The function returns an igraph object. If a network level calculation is requested the object will have an 'SDI_...' attribute whose name follows the short codes explained above. If a vertex level calculation is requested each vertex will have a similarly named attribute. For example the graph will have an 'SDI_nuw' attribute if variant is "nuw" (network level, undirected, and weighted). If variant is "vwu" each vertex will have an "SDI_vwu" attribute containing weighted undirected SDI for the vertex. If variant is a vector each value indicates a separate variant to be computed.

Value

An igraph object with SDI attributes added. The class of the object includes 'SDI'.

Examples

SDI(TurkiyeMigration.flows, TurkiyeMigration.nodes, variant="vuw")

SDIcomputer() is a helper function to compute given SDI variant for the given graph object. Not intended for explicit use. Called automatically by the 'SDI()' function.

Description

SDIcomputer() is a helper function to compute given SDI variant for the given graph object. Not intended for explicit use. Called automatically by the 'SDI()' function.

Usage

SDIcomputer(g, level, weight.use, directionality, return.value = FALSE)

Arguments

g

An igraph object.

level

The level to calculate the SDI. 'network' or 'vertex'.

weight.use

'weighted' or 'unweighted'.

directionality

'undirected', 'in', 'out', or 'all'.

return.value

Logical. If TRUE, return the computed SDI value instead of modifying the graph object.

Value

If return.value is TRUE, returns the computed SDI value. Otherwise, returns the modified graph object.

Examples

TMgraph <- igraph::graph_from_data_frame(TurkiyeMigration.flows,
      directed=TRUE, TurkiyeMigration.nodes)
SDIcomputer(TMgraph,"vertex","weighted","in")

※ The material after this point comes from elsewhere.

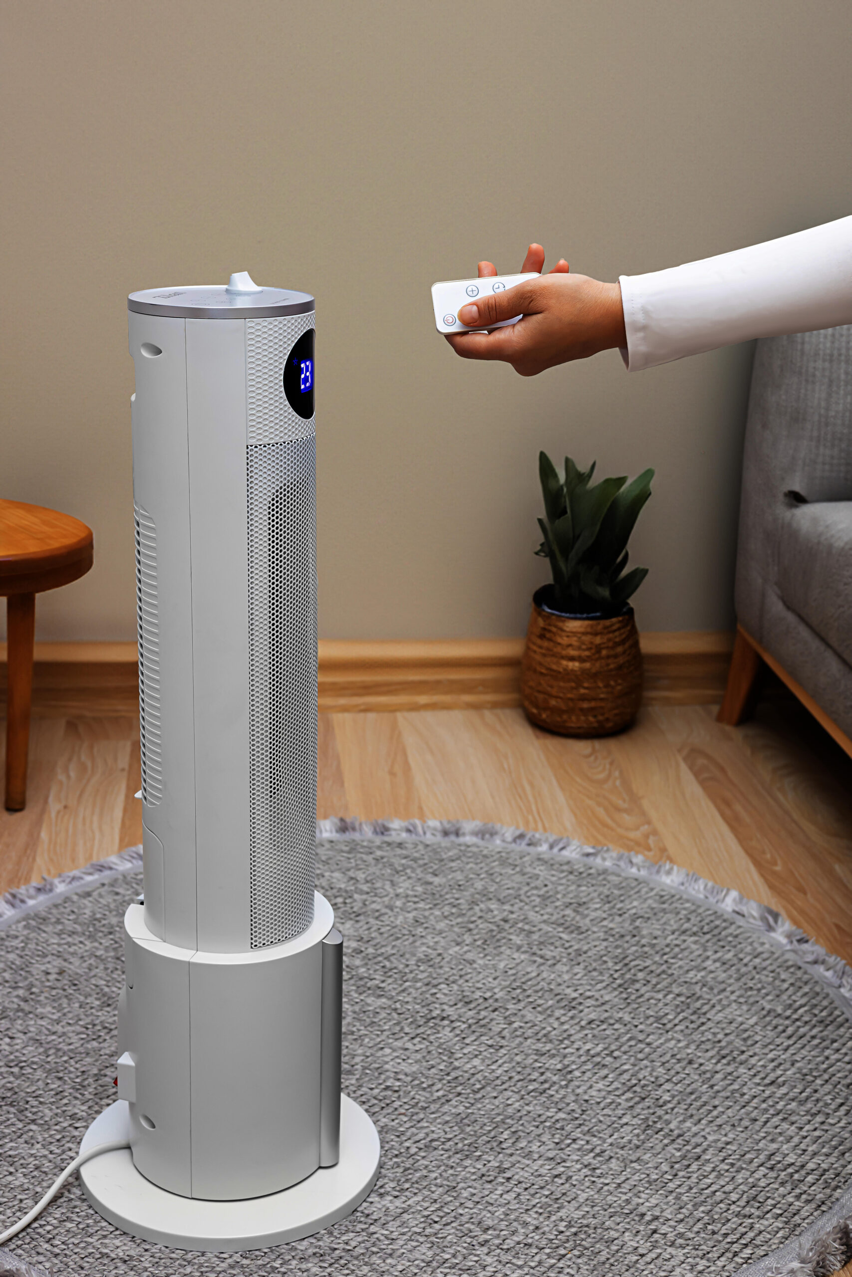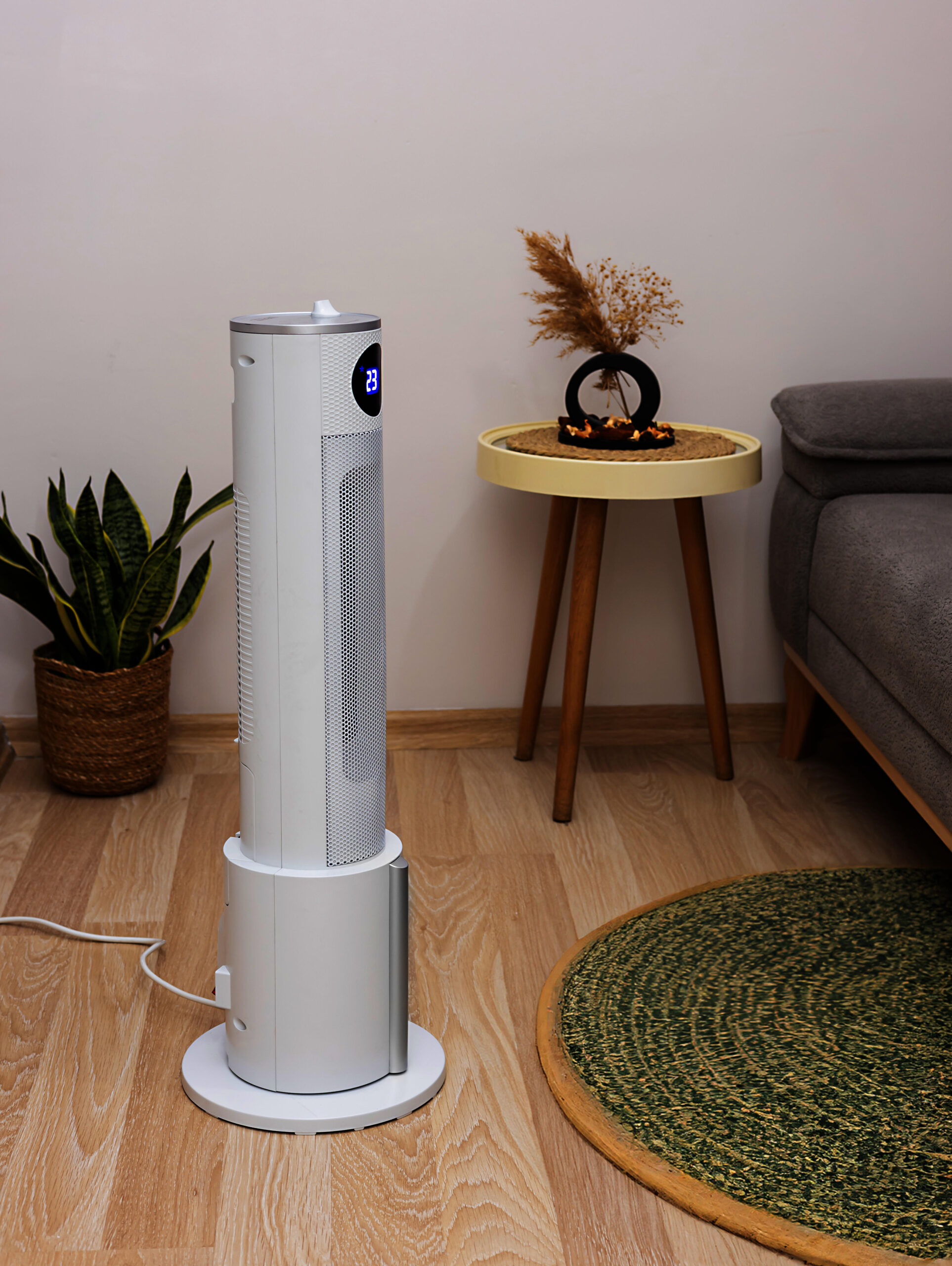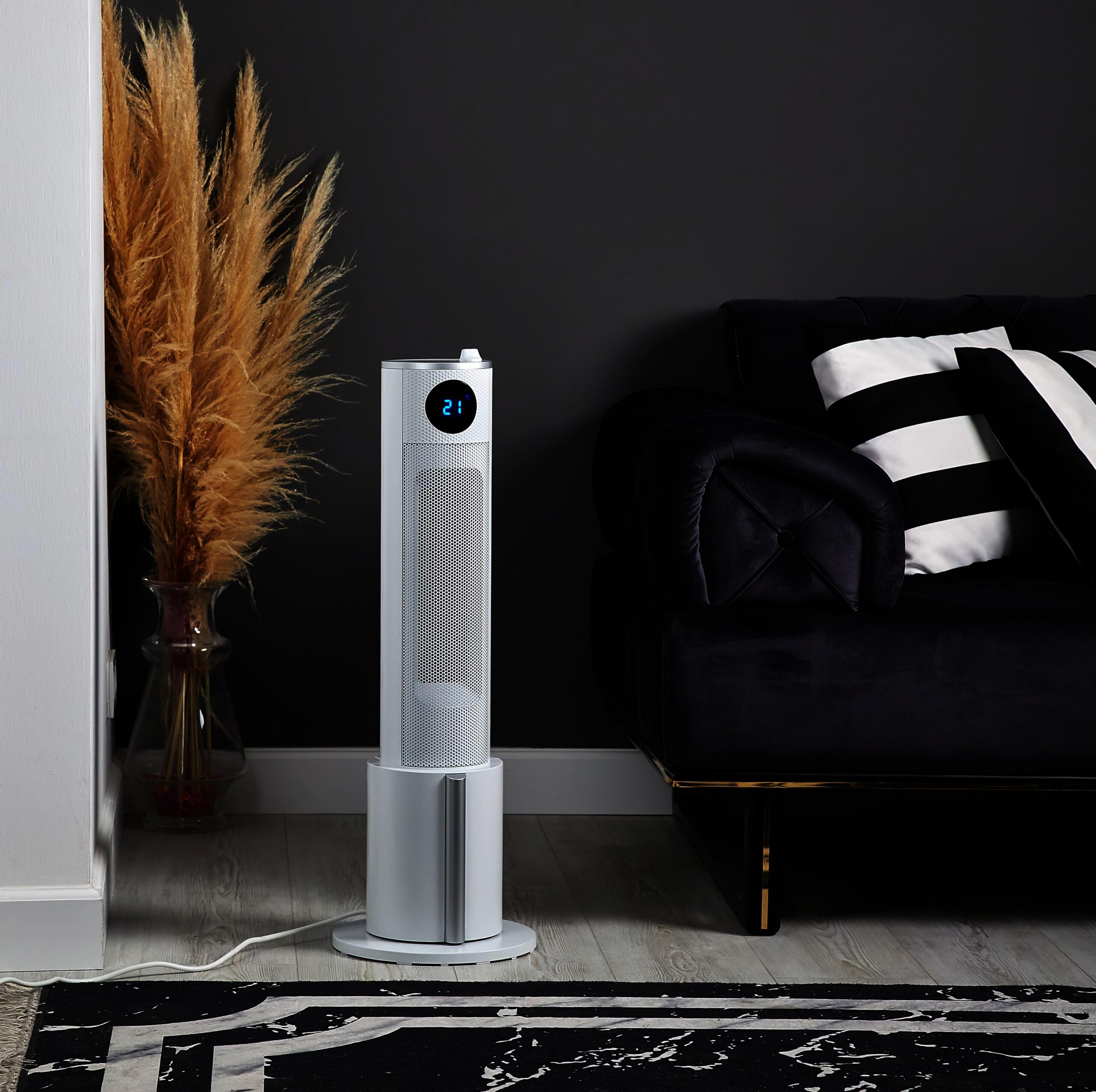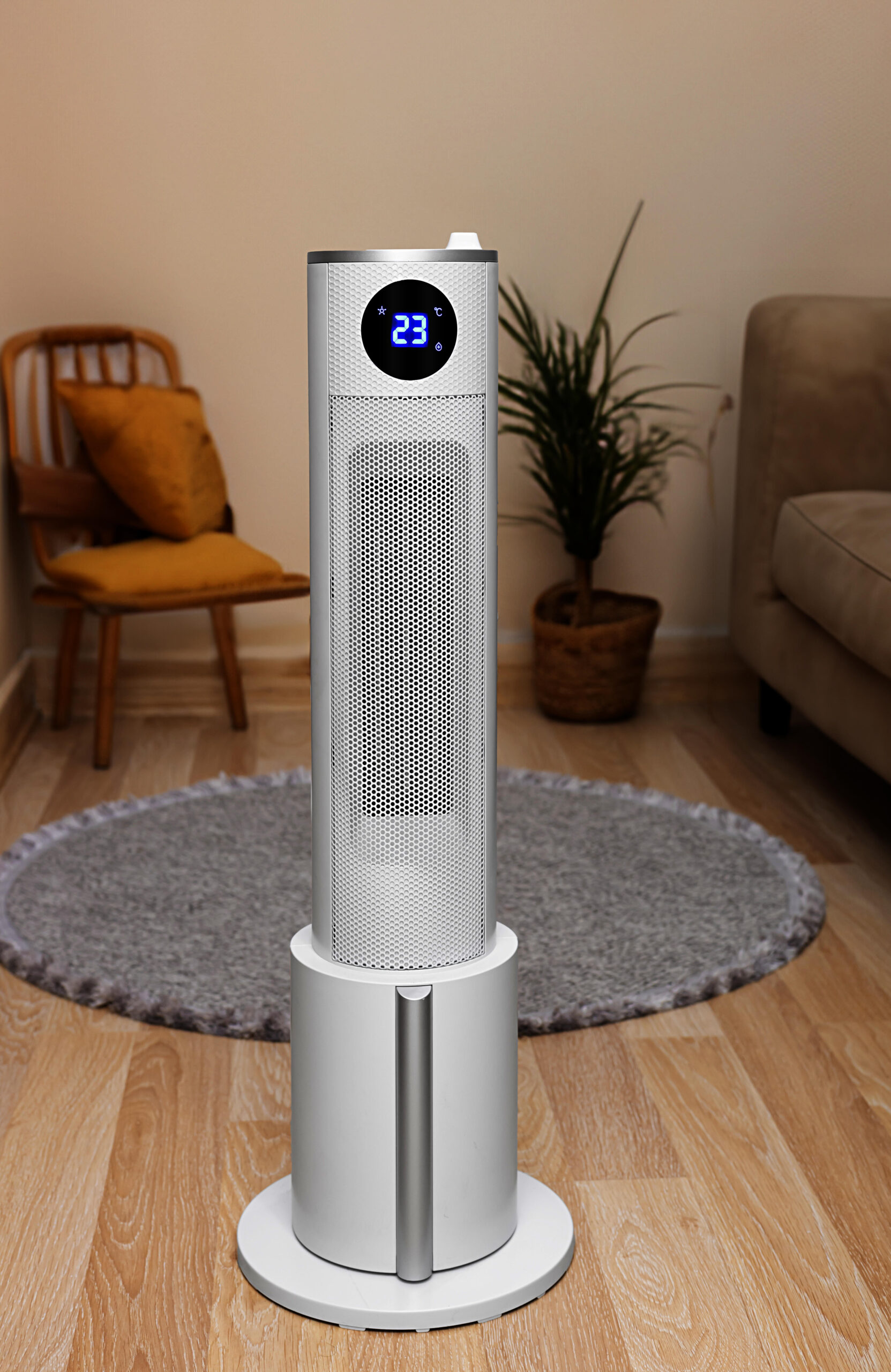 Caracteristici:Putere de 2200 WElement de incalzire PTC de inalta eficienta3 setari de functionare3 setari de temperaturaProtectie la supraincalzireUnghi larg de oscilatieTemperatura reglabila intre 10 si 35 CUtilizare tactila si cu telecomandaTemporizator de 12 oreIndicator LEDDimensiuni:Inaltime: 74 cmDiametru: 17 cm

Türkiye migration network flows data

Description

This data frame contains the data on migration of people between Türkiye's provinces in the period 2016-2017-2018. This is a consolidated version of raw data from Turkish Statistical Institute.

Usage

TurkiyeMigration.flows

Format

## 'TurkiyeMigration.flows' A data frame with 6480 rows and 3 columns:

from, to

codes of origin and arrival province

weight

number of people migrated

Details

Each row contains the number of people migrated in the "weight" column. 'from' and 'to' columns include the codes of provinces as used in the Türkiye statistical coding system.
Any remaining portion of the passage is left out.